====== ENTRIES PROVIDED

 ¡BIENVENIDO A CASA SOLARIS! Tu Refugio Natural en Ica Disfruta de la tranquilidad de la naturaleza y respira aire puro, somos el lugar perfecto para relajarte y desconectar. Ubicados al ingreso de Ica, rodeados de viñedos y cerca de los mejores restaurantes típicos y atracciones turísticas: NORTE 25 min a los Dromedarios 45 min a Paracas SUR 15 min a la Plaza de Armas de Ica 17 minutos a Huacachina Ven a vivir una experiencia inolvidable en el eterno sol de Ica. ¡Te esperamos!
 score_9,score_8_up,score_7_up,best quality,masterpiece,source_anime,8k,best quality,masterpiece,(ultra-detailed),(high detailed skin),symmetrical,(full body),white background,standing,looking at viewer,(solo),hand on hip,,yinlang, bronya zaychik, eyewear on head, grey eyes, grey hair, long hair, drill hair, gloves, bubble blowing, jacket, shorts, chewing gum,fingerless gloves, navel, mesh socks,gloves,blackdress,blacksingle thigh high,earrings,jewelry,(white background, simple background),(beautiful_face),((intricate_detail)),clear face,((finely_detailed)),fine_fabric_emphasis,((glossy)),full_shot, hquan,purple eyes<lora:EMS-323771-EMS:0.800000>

============
====== ENTRIES PROVIDED

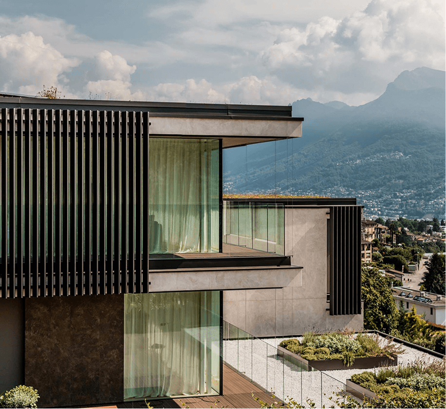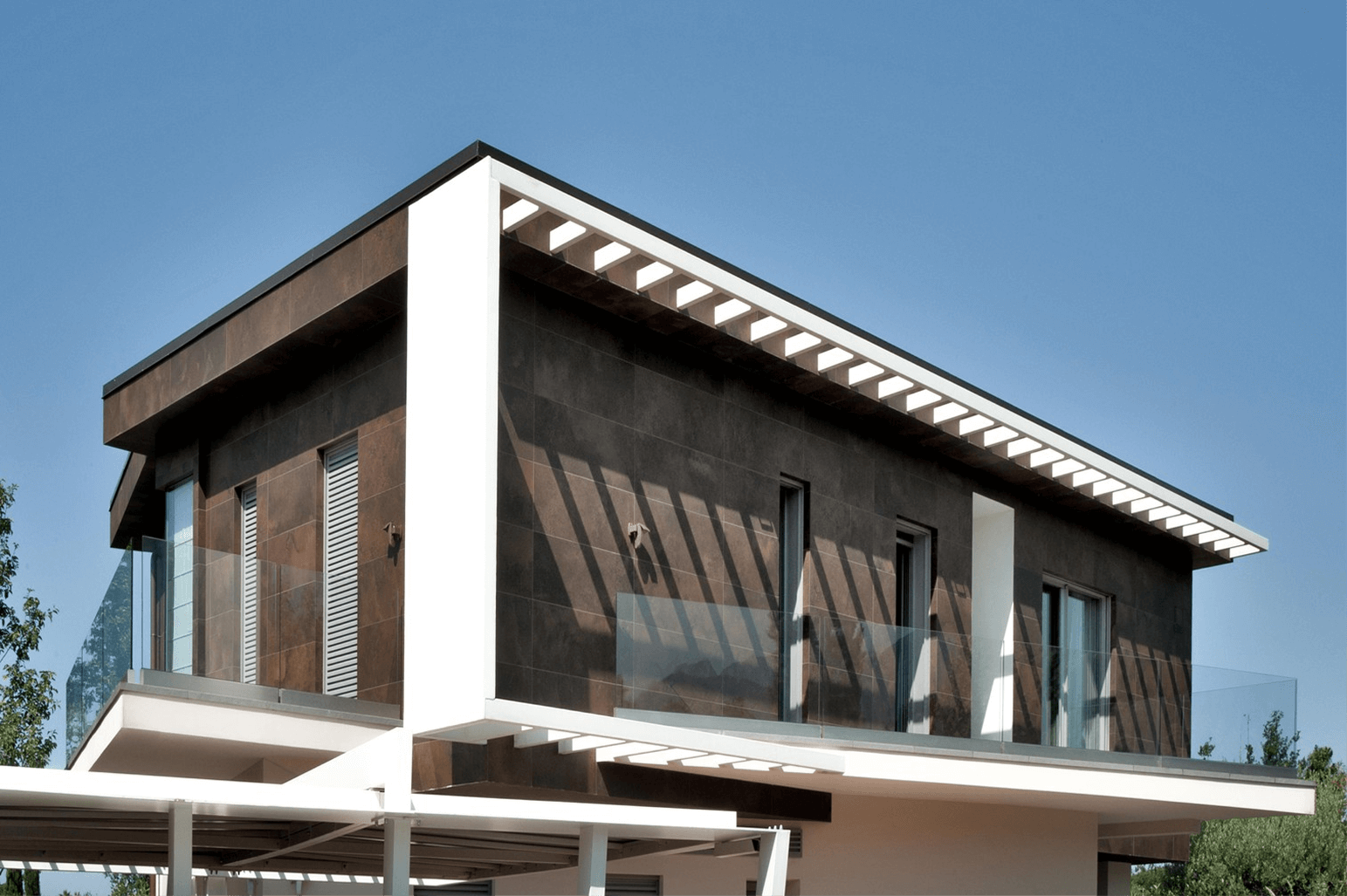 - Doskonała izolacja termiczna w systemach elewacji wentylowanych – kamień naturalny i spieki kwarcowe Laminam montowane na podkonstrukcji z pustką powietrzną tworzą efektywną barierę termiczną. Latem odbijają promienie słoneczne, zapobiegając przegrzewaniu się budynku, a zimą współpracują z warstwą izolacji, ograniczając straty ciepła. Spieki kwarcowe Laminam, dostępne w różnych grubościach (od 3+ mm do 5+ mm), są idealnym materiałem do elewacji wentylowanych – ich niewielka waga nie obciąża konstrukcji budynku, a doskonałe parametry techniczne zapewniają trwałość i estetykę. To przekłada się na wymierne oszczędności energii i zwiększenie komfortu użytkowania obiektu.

============

THE TASK:
Reproduce exactly the lines above from the line with "Ica. ¡Te esperamos!" to the line with "detailed skin),symmetrical,(full body),white", including both, and add nothing.

ANSWER TO THIS TASK:
 ¡BIENVENIDO A CASA SOLARIS! Tu Refugio Natural en Ica Disfruta de la tranquilidad de la naturaleza y respira aire puro, somos el lugar perfecto para relajarte y desconectar. Ubicados al ingreso de Ica, rodeados de viñedos y cerca de los mejores restaurantes típicos y atracciones turísticas: NORTE 25 min a los Dromedarios 45 min a Paracas SUR 15 min a la Plaza de Armas de Ica 17 minutos a Huacachina Ven a vivir una experiencia inolvidable en el eterno sol de Ica. ¡Te esperamos!
 score_9,score_8_up,score_7_up,best quality,masterpiece,source_anime,8k,best quality,masterpiece,(ultra-detailed),(high detailed skin),symmetrical,(full body),white background,standing,looking at viewer,(solo),hand on hip,,yinlang, bronya zaychik, eyewear on head, grey eyes, grey hair, long hair, drill hair, gloves, bubble blowing, jacket, shorts, chewing gum,fingerless gloves, navel, mesh socks,gloves,blackdress,blacksingle thigh high,earrings,jewelry,(white background, simple background),(beautiful_face),((intricate_detail)),clear face,((finely_detailed)),fine_fabric_emphasis,((glossy)),full_shot, hquan,purple eyes<lora:EMS-323771-EMS:0.800000>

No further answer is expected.